Yes, look at TTTF. That will give you color that rivals bluegrass. It should be easier for you to establish and maintain as well, except for overseeding and brown patch.


----------



## mufugginmanny (Jul 5, 2019)

Haha dang. I'm not from out here so I didn't make the connection to University of Virginia. Thanks guys. I'll take a look at TTTF.


----------



## sam (Mar 10, 2018)

I've always thought Virginia Tech was the source for info about turf in Virginia rather than UVA

https://www.sites.ext.vt.edu/newsletter-archive/cses/2008-03/WhatGrass.html

https://www.pubs.ext.vt.edu/SPES/SPES-66/SPES-66.html


----------



## sam (Mar 10, 2018)

mufugginmanny said:


> Haha dang. I'm not from out here so I didn't make the connection to University of Virginia. Thanks guys. I'll take a look at TTTF.


Don't worry, I don't think people from Virginia don't call it UV either


----------



## mufugginmanny (Jul 5, 2019)

sam said:


> I've always thought Virginia Tech was the source for info about turf in Virginia rather than UVA
> 
> https://www.sites.ext.vt.edu/newsletter-archive/cses/2008-03/WhatGrass.html
> 
> https://www.pubs.ext.vt.edu/SPES/SPES-66/SPES-66.html


Virginia Tech actually has an agricultural research facility in Virginia Beach down the street from where I used to live, so that makes sense. Thanks for the links!


----------



## Virginiagal (Apr 24, 2017)

University of Virginia is UVA. But VA Tech is the university with agricultural courses and information on growing things. You can call your local extension office to get recommendations. What county or city are you in? I'm in Richmond. Most common grass here is turf type tall fescue (tttf). Some people have Bermuda or zoysia. Maybe a few might have KBG but I wouldn't attempt it. Tttf is hard enough to manage. It's great September through May or maybe even into June. But the heat is brutal in July and August and the tttf grass suffers (as would KBG). You will likely have to overseed most every September. Bermuda and zoysia thrive in the summer but turn brown in the winter. It's just dormant, not a problem, but it is brown. So if color is your concern and you can't stand brown during the winter, your best choice is tttf. Avoid rye, especially annual rye which will die in the spring. It's sold because some people with Bermuda plant annual rye each fall to have green color during the winter. Tttf and KBG will turn brown (and even die) in the summer unless you water.


----------



## 86halibut (Jun 23, 2019)

Not sure if it's much help but I'm in Northern VA and I managed to grow some KBG. It was a rushed renovation and I had no prior knowledge but the with the help of the internet and some patience it turned out pretty good. I say if you want KBG go for it man, it's just grass.


----------



## mufugginmanny (Jul 5, 2019)

Virginiagal said:


> University of Virginia is UVA. But VA Tech is the university with agricultural courses and information on growing things. You can call your local extension office to get recommendations. What county or city are you in? I'm in Richmond. Most common grass here is turf type tall fescue (tttf). Some people have Bermuda or zoysia. Maybe a few might have KBG but I wouldn't attempt it. Tttf is hard enough to manage. It's great September through May or maybe even into June. But the heat is brutal in July and August and the tttf grass suffers (as would KBG). You will likely have to overseed most every September. Bermuda and zoysia thrive in the summer but turn brown in the winter. It's just dormant, not a problem, but it is brown. So if color is your concern and you can't stand brown during the winter, your best choice is tttf. Avoid rye, especially annual rye which will die in the spring. It's sold because some people with Bermuda plant annual rye each fall to have green color during the winter. Tttf and KBG will turn brown (and even die) in the summer unless you water.
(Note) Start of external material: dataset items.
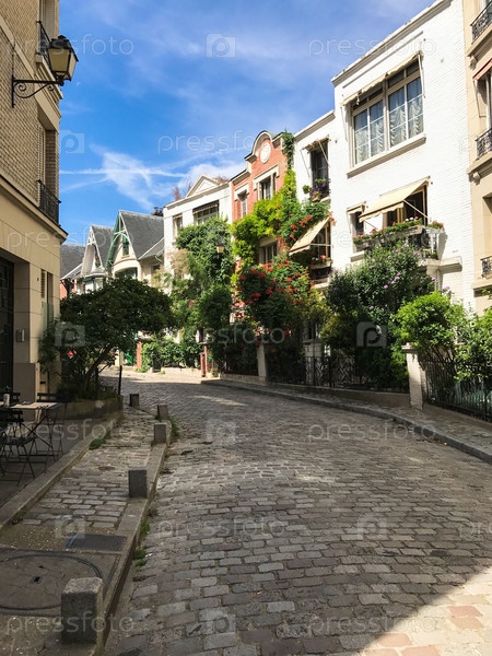 Прогулка по центру Парижа, знаменитому району Монмартр, красивой улице с деревьями, домами и кафе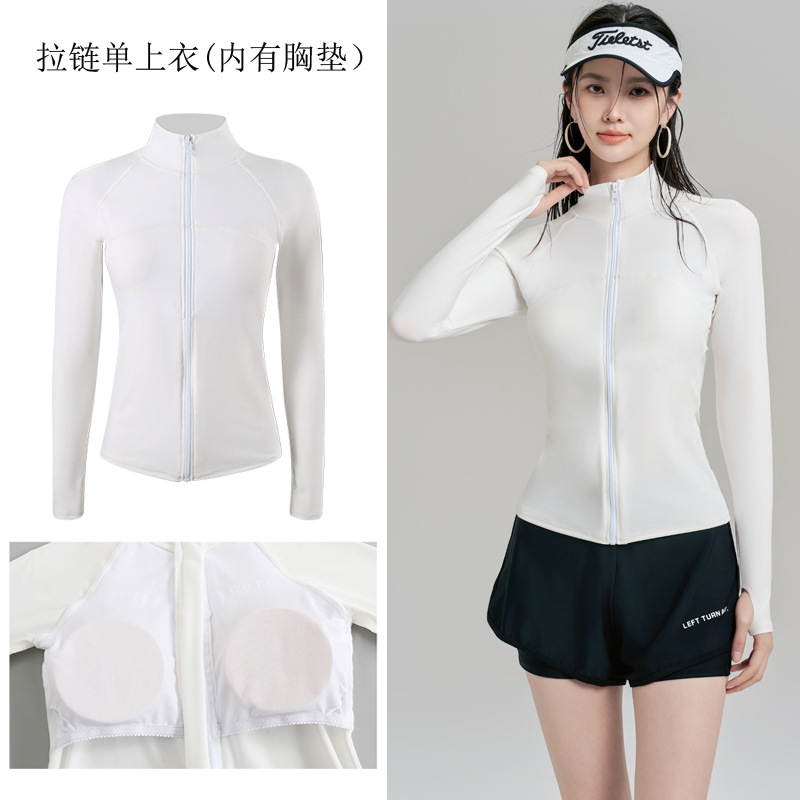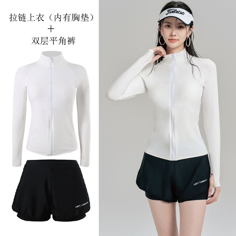 여성용 스플릿 수영복, 스포츠 보수적 긴팔 지퍼가 달린 가슴 패드로 배를 덮고 슬리밍 학생 수영 온천 휴가 수영복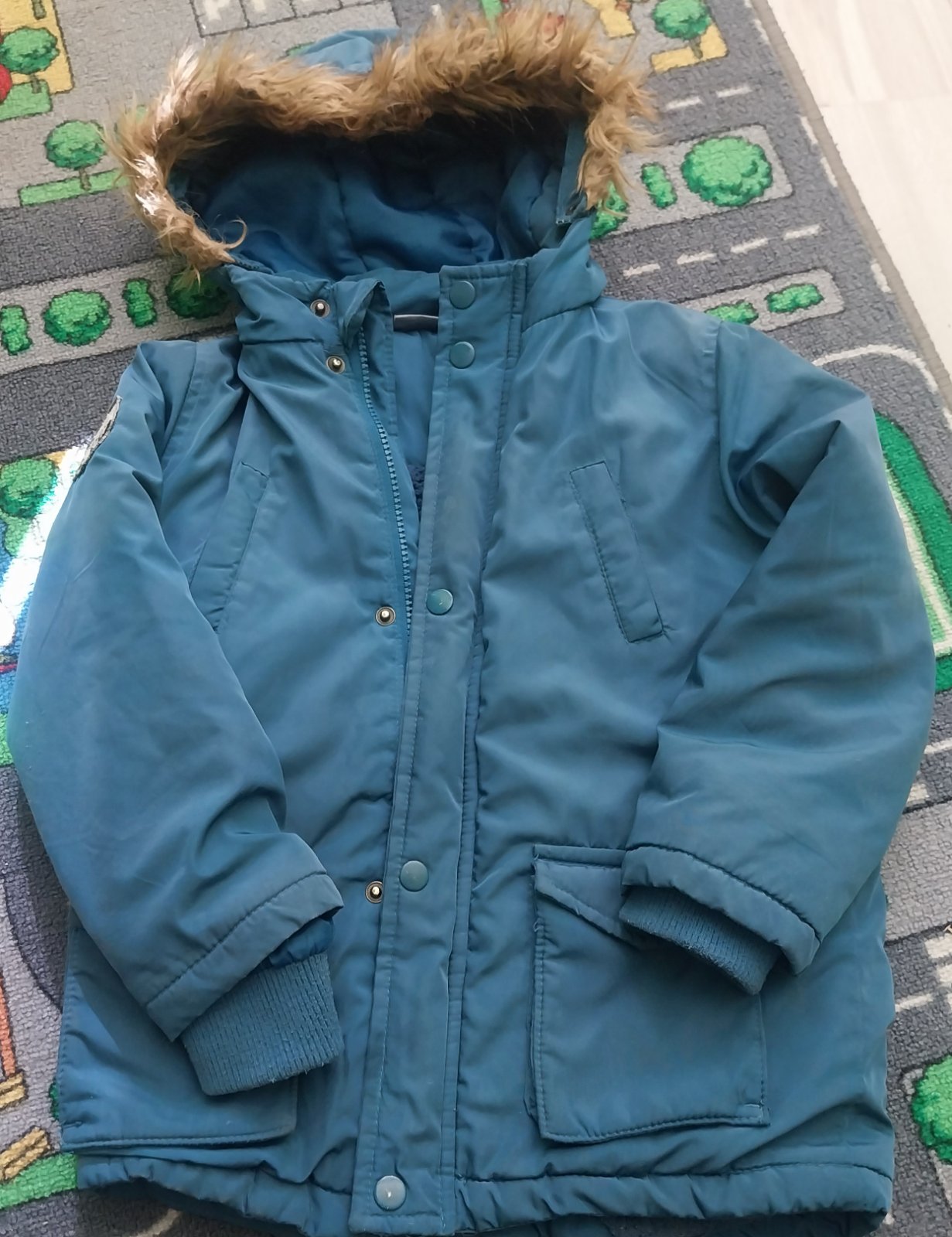 Tmavomodrá zimná bunda, zateplená kožušinkou, veľkosť 116, značka Lupilu. Rozmery sú na fotkách, kapucňa je napevno. Nosená jednu zimu, vidieť nosenie, nepoškodená. Máme viacero detských vecí, môže...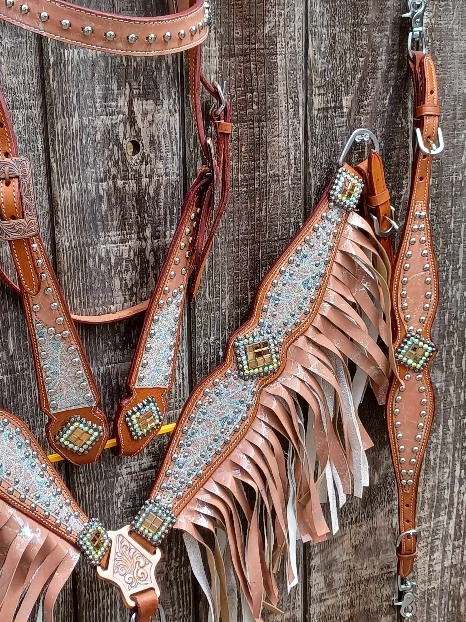 Matilda Double Fringe Glitter Headstall Breast Collar Set Wither Strap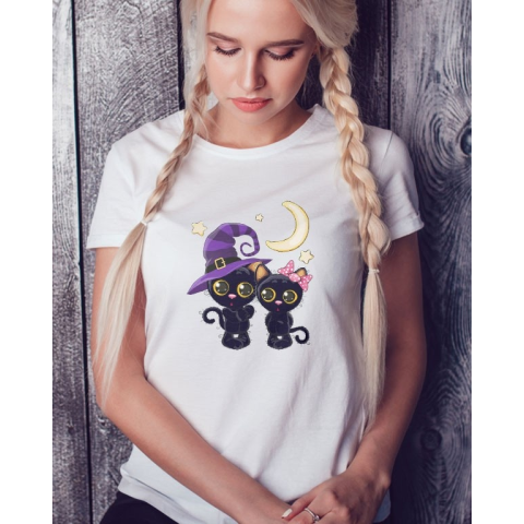 Halloweenre póló, macskás női póló. Halloweeni női póló két bűbájos cicával, akik garantáltan levesznek majd mindenkit a lábáról. Viseld te is ha Halloweeni hangulatod van. Tartós minta, mosógépben mosható 40 fokon. Kiváló minőségű férfi és női pólók,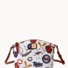 Two outside zip pockets. Cell phone pocket. Adjustable shoulder strap. Strap drop length 24″. Lined. Zipper closure.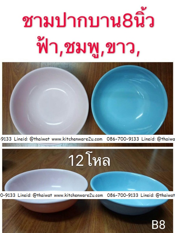P03719 ชามแกงปากบาน 8 นิ้ว สีพื้น ใส่อาหารได้ ABS PT ราคาส่งต่อ 12 โหล : 144 ใบ: เฉลี่ย 180 บ.ต่อโหล

I live near the northwest corner of Chesapeake. I know about the bermuda turning brown so it doesn't bother me. It's in my front years and I'm starting to mow that a little low, hopefully it takes over, but I'm afraid it'll turn a little brown with this heat. It'll get plenty of water from me these next few days. The backyard needs love. I've been letting it do it's thing but I wanna be prepared for the fall.


----------



## ronjon84790 (Aug 2, 2018)

I maintain an all KBG backyard in a Zone 8b. It's more work in my dry climate, but I love it. I've been using N-ext products, organic and synthetic fertilizer, liquid peat moss, PGR, and iron this year. I've also been maintaining it at 1.25" HOC. It's been doing great this summer so far. Last Wednesday it hit 108 degrees and the heat has not let up. We average 30+ days over 100 degrees each year and have less than 10 inches of total rainfall. I've also been watering less this year due to my soil improving.


----------



## Virginiagal (Apr 24, 2017)

Phone number for Chesapeake extension office is 757-382-6348.


----------



## mufugginmanny (Jul 5, 2019)

86halibut said:


> Not sure if it's much help but I'm in Northern VA and I managed to grow some KBG. It was a rushed renovation and I had no prior knowledge but the with the help of the internet and some patience it turned out pretty good. I say if you want KBG go for it man, it's just grass.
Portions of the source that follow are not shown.